The sea, the sea—the cycle turns again

It's not a matter of life and death, but pretty close to it. Like breathing I need to get to the sea fairly regularly. A couple of weeks ago we decided to take our three foster kids to the ocean. None of them had seen it before. So we found a place for Thanksgiving on the Delaware shore.
Walking along the shoreline, enjoying the sights and smells and feel of the seaside, I wondered why Jane and I have been so drawn to the sea. Over the years we have enjoyed walking along the shore around the British Isles: northwest England, Wales, southeast England, south coast, southeast coast, east coast, northeast coast, east and west coasts of Scotland, and the western Isles (Islay, Mull, Skye, Colonsay), the Isle of Man. We have walked, too, along the Mediterranean, Atlantic and Pacific coasts. We are always drawn to the sea. If we could choose where to live, the closer to the coast the better. As presently we are landlocked, vacations must suffice.
Of course, we are not alone in loving the meeting of land and sea. The Celtic Mystics of old often found their way to the sea, more often than not building a monastery there. We have enjoyed time on three Holy Islands beloved of the ancient Celts: Iona, Lindisfarne, and Caldey.
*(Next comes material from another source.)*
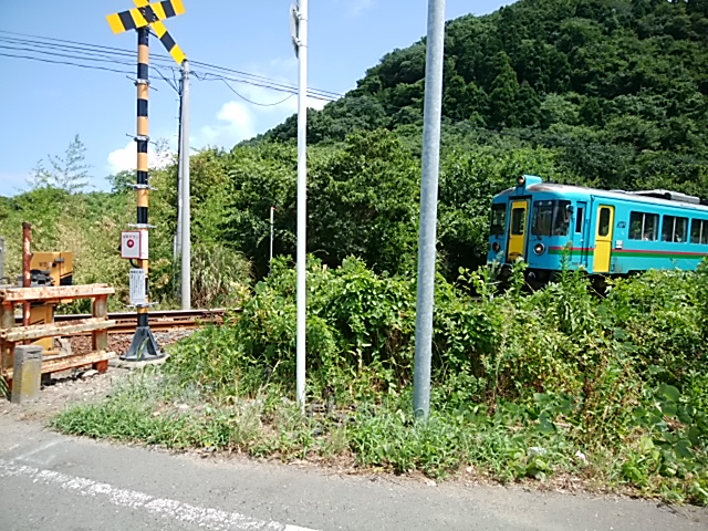 舞鶴の神崎海水浴場に向かう道で踏切の遮断機がが降りていました。

So on a walk by the sea this week we mused aloud. What draws us? Perhaps it's the expanse—the horizon is so wide; too much to take in. You realize your smallness and insignificance. Or it's maybe the peacefulness of it. Or the constant sound of the waves—does the sound of water take us back to the womb? Or the smell, which is like no other. Of perhaps it's childhood memorIes of vacations with the family, always at the seaside. Or books we had read. A certain genre of British children's books often started with a railway journey to a seaside location. Susan Cooper's "The Dark is Rising" series starts in just such a way, with three children, Peter, Barny and Jane, journeying by train to Cornwall. "Jane sniffed excitedly, 'I can smell the sea!'" it says in the first chapter. (I wish I had a dollar for every time I have heard that!)
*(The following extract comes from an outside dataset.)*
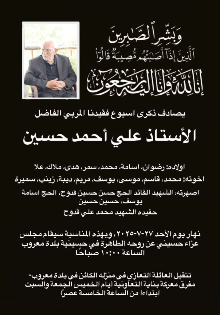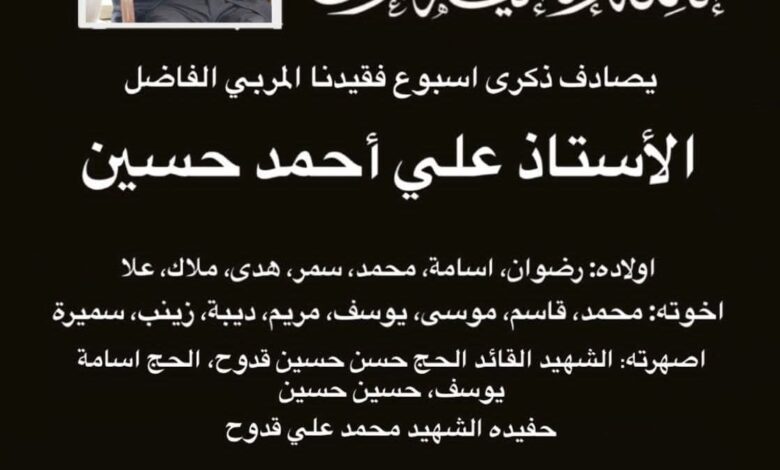 ذكرى اسبوع المربي الفاضل الاستاذ علي احمد حسين

In the end we decided beside all of those ideas and memories we are drawn to the sea because of the daily cycle marked by the tides. The daily cycle was there millennia before we walked the beach. It will be there millennia after we have gone. The cycle reassures, it comforts. It is always the same, yet always new. The beach is renewed every day. We walked the beach yesterday—five sets of human footprints, and three sets of pug. Today they were gone. Today we walked the beach again and made our mark. Tomorrow our prints will be gone. The beach, where sea meets land, is a place of daily renewal. Yin and yang interchange playfully. Newness and decay are all around.
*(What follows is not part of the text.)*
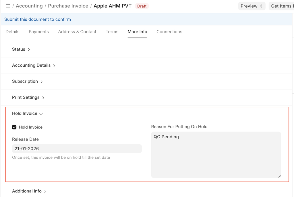 Once the purchase invoice gets submit and you want to change 'Release Date' then you can take the help of the 'Hold Invoice' button, which is available on the top right.

It reminds me of the happy fool of philosophical Daoism. The fool wakes everyday with a blessed forgetfulness of that which occurred the day before. Each day is completely new, just as each new tide wipes away our footprints. Every day begins the cycle of wonder again. (The happy sage, methinks—she's not so foolish.)
Today is the first Sunday of Advent. The year turns. This Advent is new, yet it is like all the Advents before. Familiar and unfamiliar. The footprints are wiped clean. We start again. Enjoy the season!